*** Opening The records ***

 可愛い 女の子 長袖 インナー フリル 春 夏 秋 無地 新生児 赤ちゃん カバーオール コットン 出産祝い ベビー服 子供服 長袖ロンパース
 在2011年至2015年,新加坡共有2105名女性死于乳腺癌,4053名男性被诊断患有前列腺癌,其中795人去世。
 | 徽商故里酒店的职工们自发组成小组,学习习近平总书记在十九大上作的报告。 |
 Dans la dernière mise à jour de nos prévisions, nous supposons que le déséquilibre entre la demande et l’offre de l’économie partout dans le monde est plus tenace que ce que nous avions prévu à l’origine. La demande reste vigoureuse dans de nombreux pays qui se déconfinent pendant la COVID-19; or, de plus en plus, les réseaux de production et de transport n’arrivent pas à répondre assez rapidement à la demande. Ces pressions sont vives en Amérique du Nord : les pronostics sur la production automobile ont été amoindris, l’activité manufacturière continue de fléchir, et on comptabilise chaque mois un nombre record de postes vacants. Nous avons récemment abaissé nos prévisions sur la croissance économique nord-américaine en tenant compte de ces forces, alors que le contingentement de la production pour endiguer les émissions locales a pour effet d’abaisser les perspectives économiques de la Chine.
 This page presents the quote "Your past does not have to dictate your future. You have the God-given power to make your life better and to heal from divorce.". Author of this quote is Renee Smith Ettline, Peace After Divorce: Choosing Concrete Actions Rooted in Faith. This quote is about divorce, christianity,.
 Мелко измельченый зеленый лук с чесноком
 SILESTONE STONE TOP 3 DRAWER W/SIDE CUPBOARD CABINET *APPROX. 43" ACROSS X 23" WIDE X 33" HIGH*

*** Closing The records ***
*** Opening The records ***

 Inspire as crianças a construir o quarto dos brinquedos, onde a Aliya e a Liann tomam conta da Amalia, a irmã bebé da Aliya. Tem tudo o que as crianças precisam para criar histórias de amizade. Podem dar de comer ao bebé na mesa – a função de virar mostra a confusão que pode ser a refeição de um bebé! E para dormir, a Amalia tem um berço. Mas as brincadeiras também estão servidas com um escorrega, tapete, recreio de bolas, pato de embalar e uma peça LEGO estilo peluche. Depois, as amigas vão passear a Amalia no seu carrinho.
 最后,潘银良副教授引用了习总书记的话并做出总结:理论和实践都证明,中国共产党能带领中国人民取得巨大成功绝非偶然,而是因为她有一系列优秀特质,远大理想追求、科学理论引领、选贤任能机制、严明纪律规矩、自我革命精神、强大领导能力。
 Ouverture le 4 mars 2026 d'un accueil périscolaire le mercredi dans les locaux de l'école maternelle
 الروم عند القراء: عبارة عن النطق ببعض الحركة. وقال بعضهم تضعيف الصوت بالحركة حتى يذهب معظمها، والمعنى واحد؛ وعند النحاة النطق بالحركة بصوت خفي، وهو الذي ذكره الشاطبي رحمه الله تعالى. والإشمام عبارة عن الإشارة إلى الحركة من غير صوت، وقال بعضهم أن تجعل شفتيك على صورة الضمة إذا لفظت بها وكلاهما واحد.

*** Closing The records ***

What is required:
Where the listing above reaches the line that contains "在2011年至2015年,新", start retyping, and finish with the line that contains "SILESTONE STONE TOP"; reproduce those lines exactly and no others.

Task output:
 在2011年至2015年,新加坡共有2105名女性死于乳腺癌,4053名男性被诊断患有前列腺癌,其中795人去世。
 | 徽商故里酒店的职工们自发组成小组,学习习近平总书记在十九大上作的报告。 |
 Dans la dernière mise à jour de nos prévisions, nous supposons que le déséquilibre entre la demande et l’offre de l’économie partout dans le monde est plus tenace que ce que nous avions prévu à l’origine. La demande reste vigoureuse dans de nombreux pays qui se déconfinent pendant la COVID-19; or, de plus en plus, les réseaux de production et de transport n’arrivent pas à répondre assez rapidement à la demande. Ces pressions sont vives en Amérique du Nord : les pronostics sur la production automobile ont été amoindris, l’activité manufacturière continue de fléchir, et on comptabilise chaque mois un nombre record de postes vacants. Nous avons récemment abaissé nos prévisions sur la croissance économique nord-américaine en tenant compte de ces forces, alors que le contingentement de la production pour endiguer les émissions locales a pour effet d’abaisser les perspectives économiques de la Chine.
 This page presents the quote "Your past does not have to dictate your future. You have the God-given power to make your life better and to heal from divorce.". Author of this quote is Renee Smith Ettline, Peace After Divorce: Choosing Concrete Actions Rooted in Faith. This quote is about divorce, christianity,.
 Мелко измельченый зеленый лук с чесноком
 SILESTONE STONE TOP 3 DRAWER W/SIDE CUPBOARD CABINET *APPROX. 43" ACROSS X 23" WIDE X 33" HIGH*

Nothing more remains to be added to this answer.